Deed in Lieu of Foreclosure

Even in our difficult  economy, inability of a homeowner to make timely payments on mortgage or trust deed debt does not always lead to foreclosure.  A deed in lieu of foreclosure may avoid the foreclosure process for both lender and borrower.  With a deed in lieu of foreclosure, the property owner deeds the property back to the lender   in exchange for release of the debt. The lender typically promises not to initiate foreclosure proceedings and to terminate any existing foreclosure proceedings.  The lender may also  forgive any loan deficiency (the amount of the loan  not fully recovered by the lender upon subsequent resale).

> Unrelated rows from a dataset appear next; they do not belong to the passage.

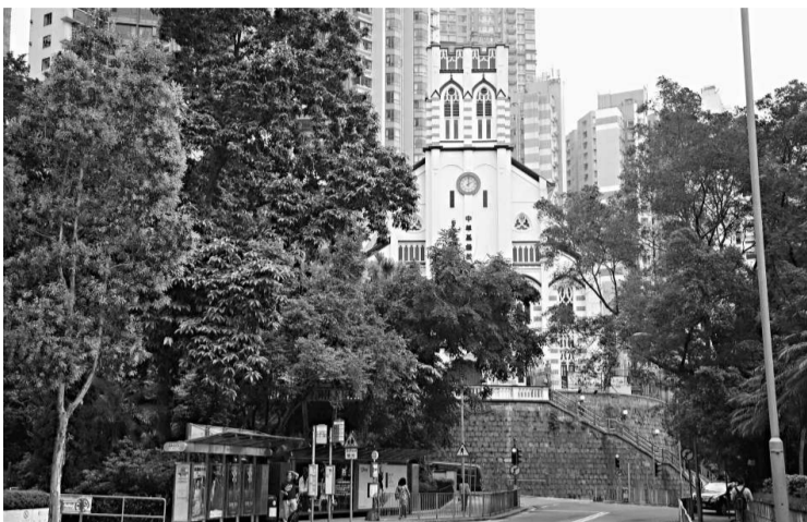
合一堂是「美景之地」少數仍保留的建築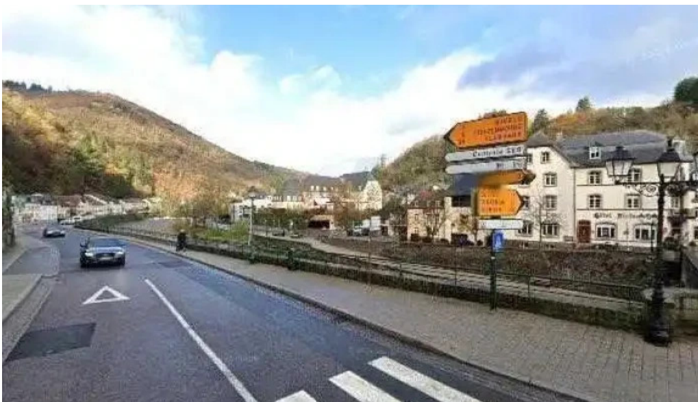
Natour route 6 street view 360deg fotos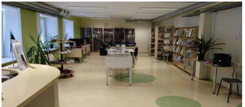
Lääne-Harju valla raamatukogu lugemissaal enne uuenduskuuri.

T änaseks on uuenenud lugemissaali üldine ilme ning plaanis on seda veelgi täiustada infotehnoloogiliste lahenduste näol. Kaheosalise projekti elluviimiseks saadi toetust kultuuriministeeriumi poolt pakutavast „Rahvaraamatukogude kiirendist“ ja Lääne-Harju vallavalitsuselt. Projekti II osa teostatakse hiljemalt 2026. aasta lõpuks.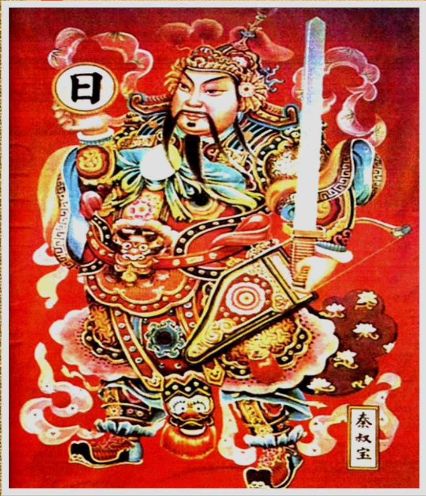
Цинь Шихуань. Древнекитайский рисунок по шелку.

До 3 в. до н.э.в Китае существовало 7 царств.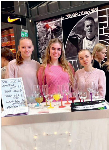
Õpilasfirma GlamGlas Riias Domina ostukeskuses.

Õpilaste osalemist Kaunase rahvusvahelisel festivalil toetas Jõgeva, Tartu, Põlva, Viljandi, Valga ja Võru maakonna koostööst sündinud projekt „Lõuna-Eesti ettevõtlikud noored“ (LEEN), mille eesmärgiks on tõsta regiooniuüleselt noorte ettevõtlikkust.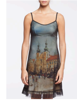
12-326 Madri Jaune / Yellow G3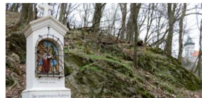
PRÁCA NAŠICH DŮCHODCOV JE ČASTO PREHLIADANÁ ▶ 4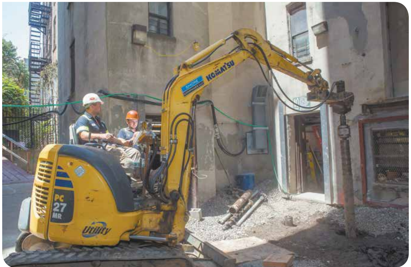
Proyecto de recuperación de Sandy en Lower East Side Rehab Grupo 5.

"En el aniversario del huracán Sandy, nos enorgullece anunciar que NYCHA ha realizado importantes progresos en las tareas de recuperación, (CONTINÚA EN LA PÁGINA 4)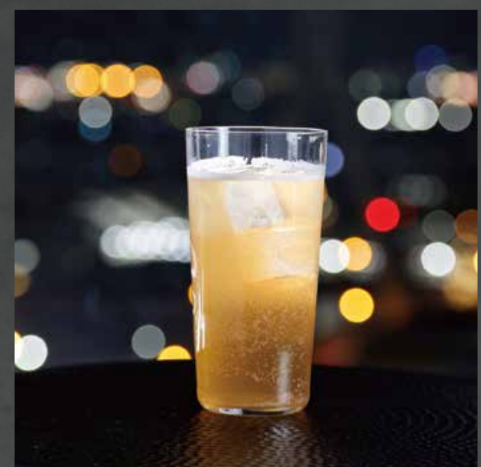
自家製クラフトコーラの コークハイ ¥1,500-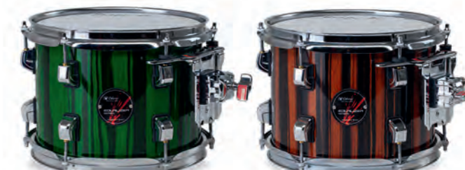
Emerald Green (EGT)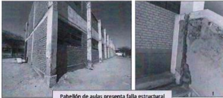
Pabellón de aulas presenta falla estructural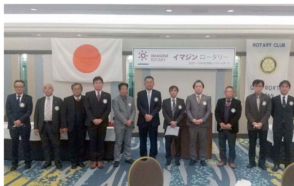
次期役員・理事のみなさん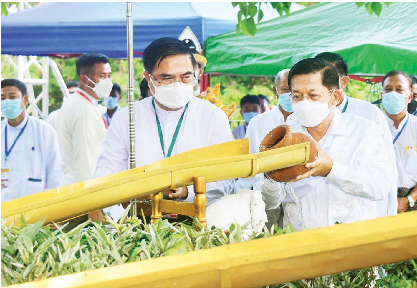
စာမျက်နှာ ၃ ကော်လံ ၁ ❖

နေပြည်တော် မေ ၁၄ ဗုဒ္ဓဘာသာမြန်မာလူမျိုးတို့၏ ၁၂ လရာသီ ပွဲတော်တွင် တစ်ခုအပါအဝင်ဖြစ်သည့် မြန်မာ သက္ကရာဇ် ၁၃၈၄ ခုနှစ် ကဆုန်လပြည့်(ဗုဒ္ဓနေ့) ဖြစ်သော ယနေ့ကျရောက်သည့် ကဆုန်ညောင်ရေ သွန်းပွဲတော်တွင် နေပြည်တော် ဥပျာတသန္တိစေတီတော်မြတ်ကြီး ပရိသတ်တော်မြောက်ဘက်အရပ်ရှိ မဟာဗောဓိညောင်ပင်တော်များအား (၁၄) ကြိမ်မြောက် ကဆုန်ညောင်ရေသွန်းလောင်းပူဇော်ခြင်း မဟာမင်္ဂလာအခမ်းအနားကို ယနေ့ ညနေပိုင်း၌ ကျင်းပပြုလုပ်ရာ နိုင်ငံတော်စီမံအုပ်ချုပ်ရေးကောင်စီ ဥက္ကဋ္ဌ နိုင်ငံတော်ဝန်ကြီးချုပ် ဗိုလ်ချုပ်မှူးကြီး မင်းအောင်လှိုင် အမှူးပြုသည့် နိုင်ငံတော်စီမံအုပ်ချုပ်ရေးကောင်စီဝင်များနှင့် ဇနီးများက မဟာဗောဓိညောင်ပင်တော်များကို ညောင်ရေသွန်းလောင်းပူဇော်ကြသည်။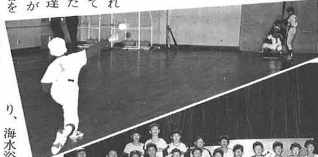
みんなそろって記念撮影

当日は、寺泊少年野球大会で優勝した本山小学校の「本山コンドルス」と対戦する予定でしたが、あいにく雨天のため中止となりました。張り切って訪ずれた選手、役員そして父兄の人達、迎えた本山小学校の子供達は、雨空を見上げながら異口同音に「試合をしたかったな」と、残念がっていました。それでも午前中は当町自慢の水族博物館を見学した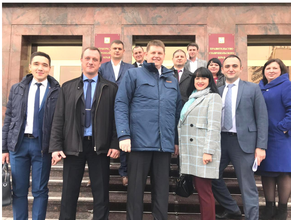
Члены Совета молодых депутатов Ставропольского края – участники мероприятий, посвященных 25-летию Думы Ставропольского края, 4 апреля 2019 г.

- в мероприятиях, посвященных 25-летию Думы Ставропольского края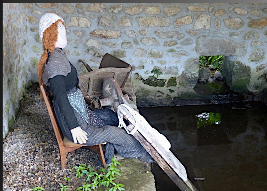
ST ROMAIN _ Le lavoir Valencheres. : des mannequins rappellent le dur labeur des lavandières du temps jadis.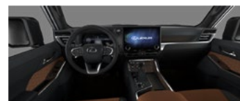
Коричневый с чёрными акцентами (LA41)*

Список комплектации представляет собой подборку наиболее важных параметров. Компания «Continent» оставляет за собой право изменять эту брошюру в результате ошибок, структурных изменений или сообщений от производителя без предварительного уведомления. Гарантия на автомобили Lexus: 3 года или 100 000 км пробега. Расход топлива и выбросы CO 2 автомобиля зависят не только от его энергоэффективности, но также от стиля вождения и других факторов не технического характера. Углекислый газ (CO 2 ) является основным парниковым газом, ответственным за глобальное потепление. Брошюра действительна до выпуска обновленного издания.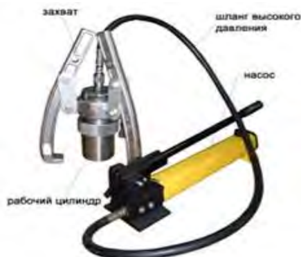
Рисунок 1. Сборочные детали магнитного захвата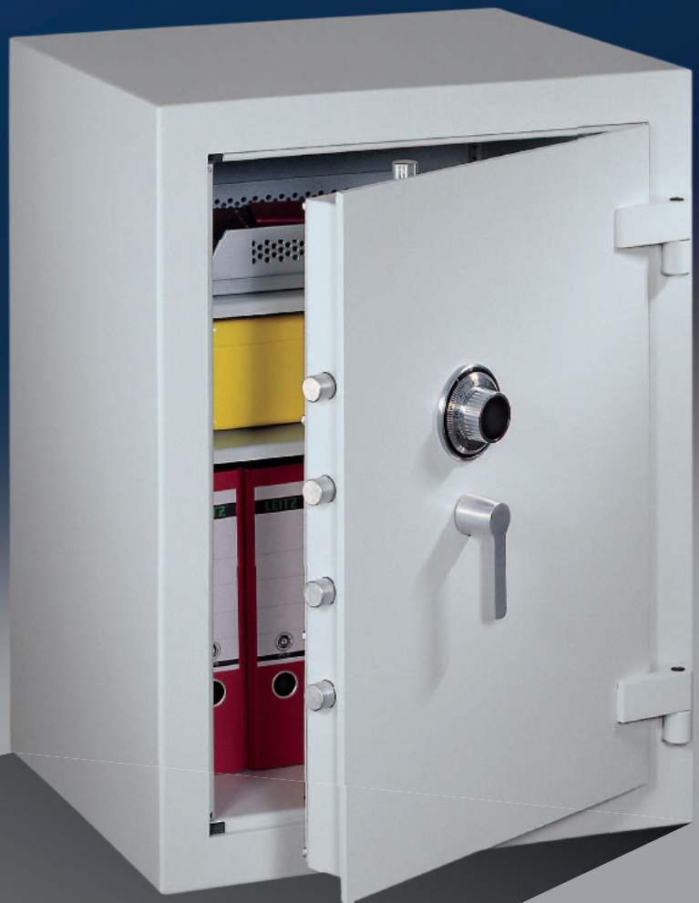
Abb.: GK 80 (mit Sonderausstattung ZKS)

Fachböden ordnertief; rundum doppelwandig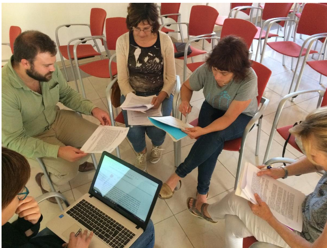
Foto 10. Imatge d'un dels grups de treball al taller de Mallorca-ciutadania.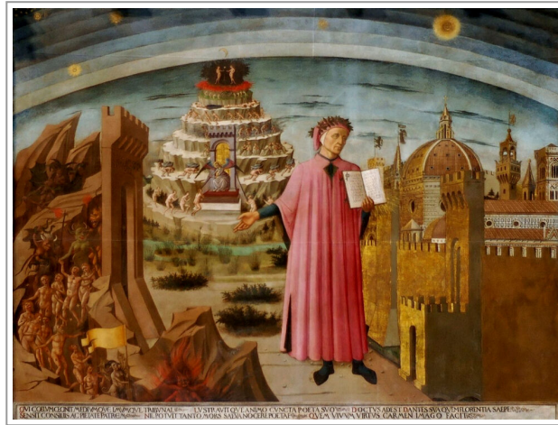
Dante e il suo poema, affresco di Domenico di Michelino nella Cattedrale di Santa Maria del Fiore, Firenze (1465)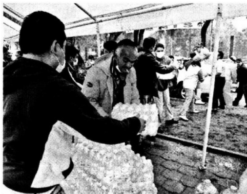
► Las autoridades repartieron botellas de agua a los vecinos.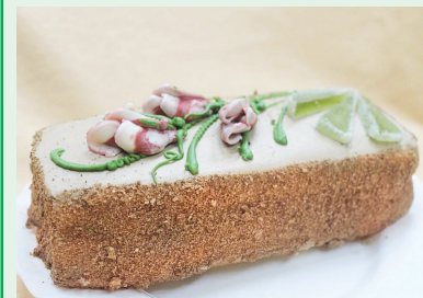
Торт «Сказка» (1 кг) — 9,59 руб.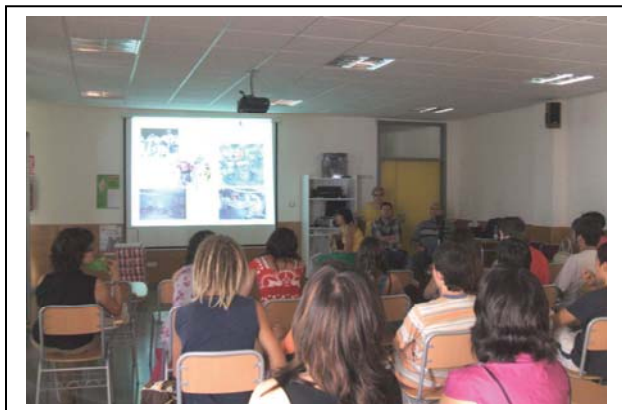
Instituto de Benaguacil

Este año 2008, se ha realizado en Alicante: Instituto de Secundaria de Cocentaina , en Castellón: Instituto de Benasal , y en Valencia: Instituto de Benaguacil .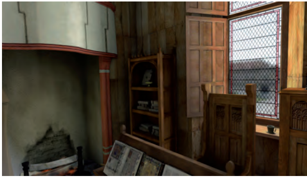
Fig. 4. Effet de "peinture" du fond terminé. Immersion totale dans le cabinet de travail de Charles V en 3D temps réel.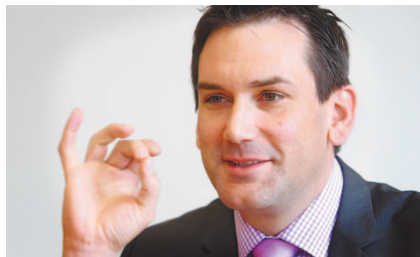
«Ich habe Zielsetzungen und diese Ziele möchte ich verwirklichen.»

Trends ist deshalb eine Voraussetzung für die erfolgreiche Produktentwicklung und Angebotsgestaltung. Wir haben deshalb eine Arbeitsgruppe damit beauftragt, Chancen und Szenarien einer qualitativen Hotelförderung sowie die Möglichkeiten für einen Kongress- und Seminar-tourismus zu evaluieren. Damit die richtigen Entscheidungen getroffen werden können, muss eine umfassende Analyse des Potenzials für einen Tourismus der Zukunft vorgenommen werden.

In today’s real estate market, many borrowers may offer seller-carry lenders a deed in lieu of foreclosure.  Whether accepting the deed makes sense for the lender depends on many factors, including: value of the property, buyer/borrower’s over-all financial situation, amount remaining on the mortgage/trust deed, and whether the buyer/borrower has further encumbered the property since purchasing from the seller/lender.  If the property has no other encumbrances and substantial market value in excess of the amount outstanding on the note carried by the seller, a deed in lieu may be a good way for a lender to resolve the situation and avoid the cost of a foreclosure.  On the other hand, if the value is questionable, or if the buyer has created junior encumbrances, a deed in lieu may be a mistake for the lender.